Keith Fritzsching points out that HSQC is much faster and gives pretty comparable information (as did other readers, privately), and simply replacing 13C with HSQC in most cases seems like it would nicely balance hypothesis testing with efficiency.

(Relatedly, Xiao Xiao recounts how reviewers will request 13C spectra even when there’s plenty of other data, including HSQC and HMBC. This is a pretty nice illustration of how powerful status quo bias can be.)

Commenters Who Say Carbon Spectra Are Easy To Acquire

Both @VT_Chemist and Steve Fletcher made this point:

(cue flashbacks to undergraduate me trying to dissolve enough of some tetracyclic monster in pyridine-d5 to see my last quat)

I've heard this from plenty of people before, and it's true that sometimes it's not hard at all to get a nice carbon spectrum! But sometimes it is really hard, also.

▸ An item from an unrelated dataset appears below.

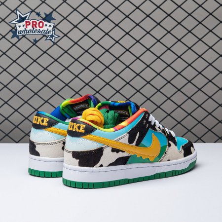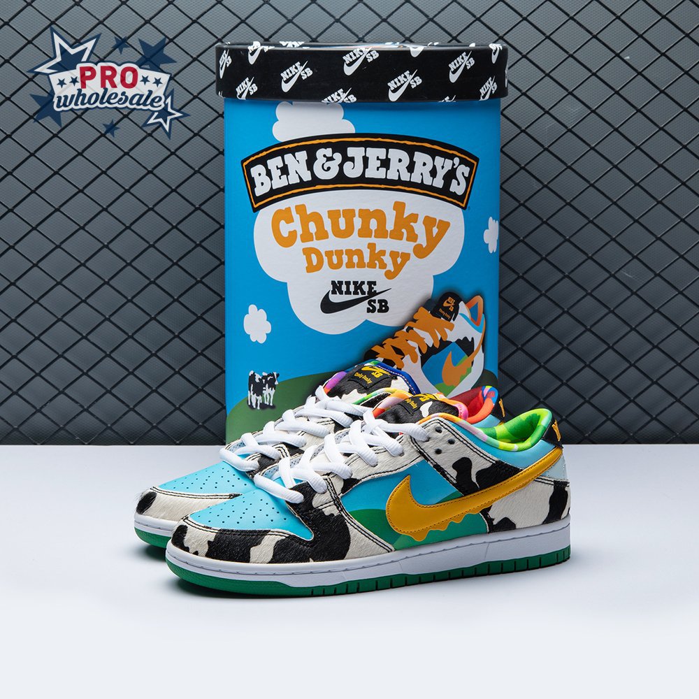 Made in collaboration with Ben & Jerry"s, the Nike Dunk Low SB "Chunky Dunky" replicates the packaging used for the ice cream brand"s Chunky Monkey flavor. The leather upper depicts blue skies and green pastures, while pony-hair overlays are rendered in a spotted cow print. A yellow leather Swoosh is treated to a melting ice cream effect for added visual flair. Atop the tongue, the woven tag features a Chunky Dunky callout alongside Nike SB branding.

Based on the other responses, it seems like lots of other people agree with this sentiment.

(Is it possible that some of this disagreement reflects whether one has access to a helium cryoprobe?)

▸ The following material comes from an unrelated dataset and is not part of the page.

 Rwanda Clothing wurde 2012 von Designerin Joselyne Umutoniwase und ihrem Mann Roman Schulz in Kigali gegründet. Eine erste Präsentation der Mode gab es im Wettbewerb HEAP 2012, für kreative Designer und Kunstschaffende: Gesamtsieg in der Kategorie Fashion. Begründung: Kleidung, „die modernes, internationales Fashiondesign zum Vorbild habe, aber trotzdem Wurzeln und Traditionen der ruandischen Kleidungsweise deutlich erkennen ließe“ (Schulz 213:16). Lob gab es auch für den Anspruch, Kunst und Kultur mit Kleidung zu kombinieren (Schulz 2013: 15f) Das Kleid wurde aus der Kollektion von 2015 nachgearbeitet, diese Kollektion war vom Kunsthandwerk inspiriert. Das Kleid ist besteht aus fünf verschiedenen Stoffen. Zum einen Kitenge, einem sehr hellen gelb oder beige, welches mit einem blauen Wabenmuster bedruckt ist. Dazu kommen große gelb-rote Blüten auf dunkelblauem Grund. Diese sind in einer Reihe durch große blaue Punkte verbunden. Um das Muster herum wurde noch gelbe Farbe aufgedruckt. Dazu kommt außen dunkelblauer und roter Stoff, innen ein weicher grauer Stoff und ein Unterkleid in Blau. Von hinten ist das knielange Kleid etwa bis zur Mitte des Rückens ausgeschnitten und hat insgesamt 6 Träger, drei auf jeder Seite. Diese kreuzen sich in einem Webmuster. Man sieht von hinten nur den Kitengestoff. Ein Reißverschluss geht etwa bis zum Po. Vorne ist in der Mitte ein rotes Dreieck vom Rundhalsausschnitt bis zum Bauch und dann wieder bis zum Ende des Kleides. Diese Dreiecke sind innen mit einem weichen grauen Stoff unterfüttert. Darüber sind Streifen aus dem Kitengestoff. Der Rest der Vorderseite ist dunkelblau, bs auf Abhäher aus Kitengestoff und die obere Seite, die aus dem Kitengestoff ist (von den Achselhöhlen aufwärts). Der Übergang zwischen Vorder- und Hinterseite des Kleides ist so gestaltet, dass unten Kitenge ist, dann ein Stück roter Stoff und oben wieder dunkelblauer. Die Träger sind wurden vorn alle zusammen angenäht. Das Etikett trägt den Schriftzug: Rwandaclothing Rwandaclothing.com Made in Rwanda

Commenters Who Feel It's Important To Have Consistent Journal Standards

A few people pointed out that making carbon NMR necessary on a case-by-case basis would be burdensome for editors and reviewers, since they'd have to think through each case themselves (1, 2). This is a fair point, and one I don't have a good response to.

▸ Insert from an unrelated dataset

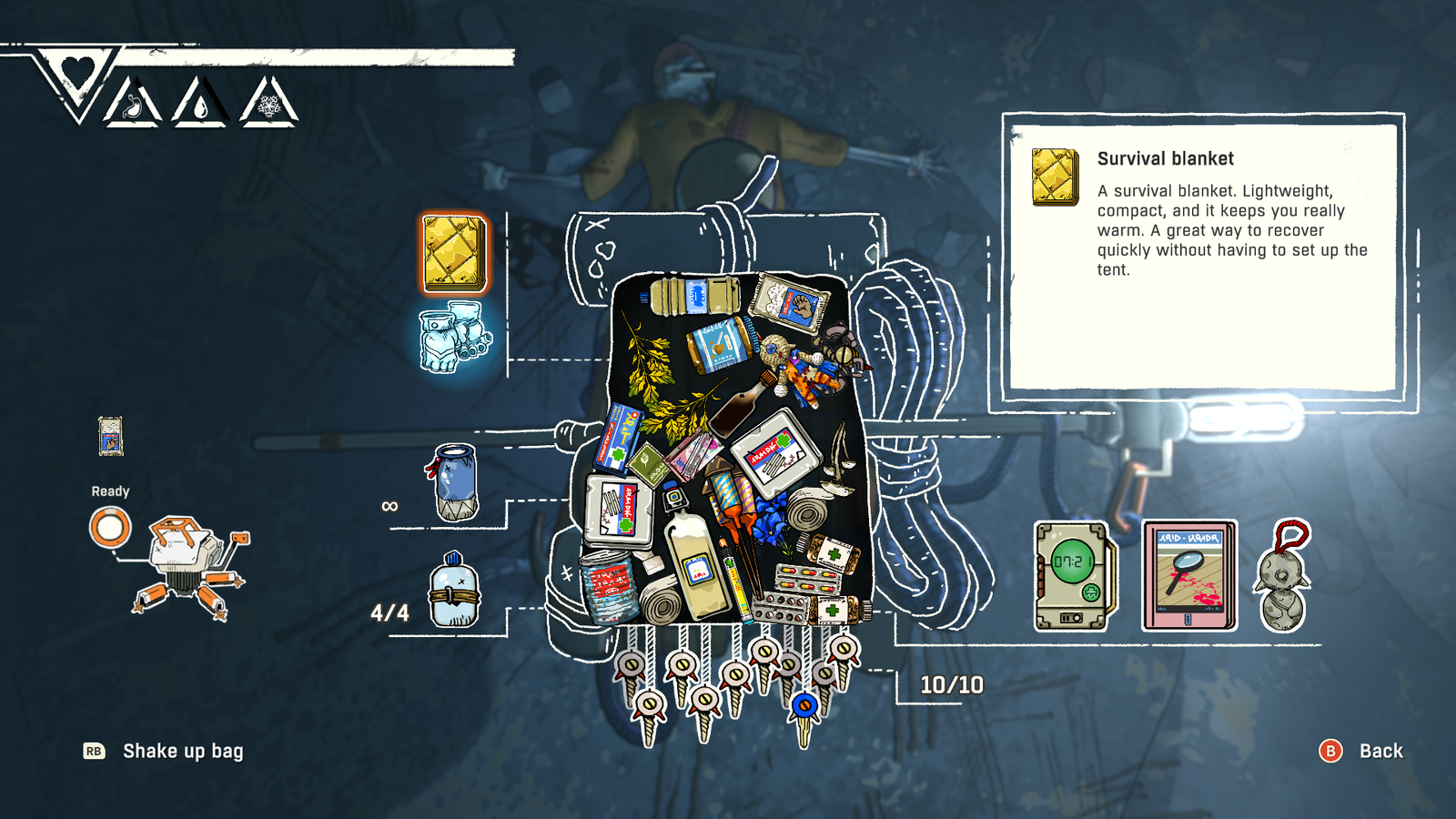 The most useful thing he has waiting for you is the Survival Blanket, which is incredibly handy. Even when you’re away from your tent and unable to rest, the Survival Blanket will allow you to take a moment to warm up, crucial to your survival on Mount Kami.

However, it's worth noting that this is already what we do for pretty much every other claim, including many complex structural problems: give the data, draw a conclusion, and ask reviewers to evaluate the logic. Arguments about where the burden of proof should lie are tedious and usually unproductive, but I think we should have a pretty high barrier to making specific methods de jure required for publication.

Commenters Who Dislike My Claim That Journals Could Permit More Errors

I'm going to highlight Dan Singleton here, someone I respect a ton:

The thread goes on, obviously, and is worth reading.

I’m not trying to suggest that journals ought not to care about accuracy at all; ceteris paribus, accuracy should be prioritized. But given that we’re all constrained by finite resources, it’s important to consider the tradeoffs we’re making with every policy decision. It’s possible that trying to increase accuracy by asking for more data could have deleterious consequences:

There’s clear extremes on both ends: requiring 1H NMR spectra for publication is probably good, but requiring a crystal structure of every compound would be ridiculous.

I think it’s easiest to think about these issues in terms of two separate questions: (1) relative to where we are today, should we push for more accuracy in the literature or less, and (2) are we achieving our chosen degree of accuracy in the most efficient manner possible?

The first question is clearly complex, and probably deserves a longer and fuller treatment that I can provide here—although I’ll note that others have espoused more radical positions than mine on peer review (h/t Michael Bogdos for the second link). I hope to write more on this subject later.

But the second question seems more straightforward. Is requiring 13C NMR for every compound a Pareto-optimal way to ensure accuracy, as opposed to HSQC or HMBC? I struggle to see how the answer can be yes.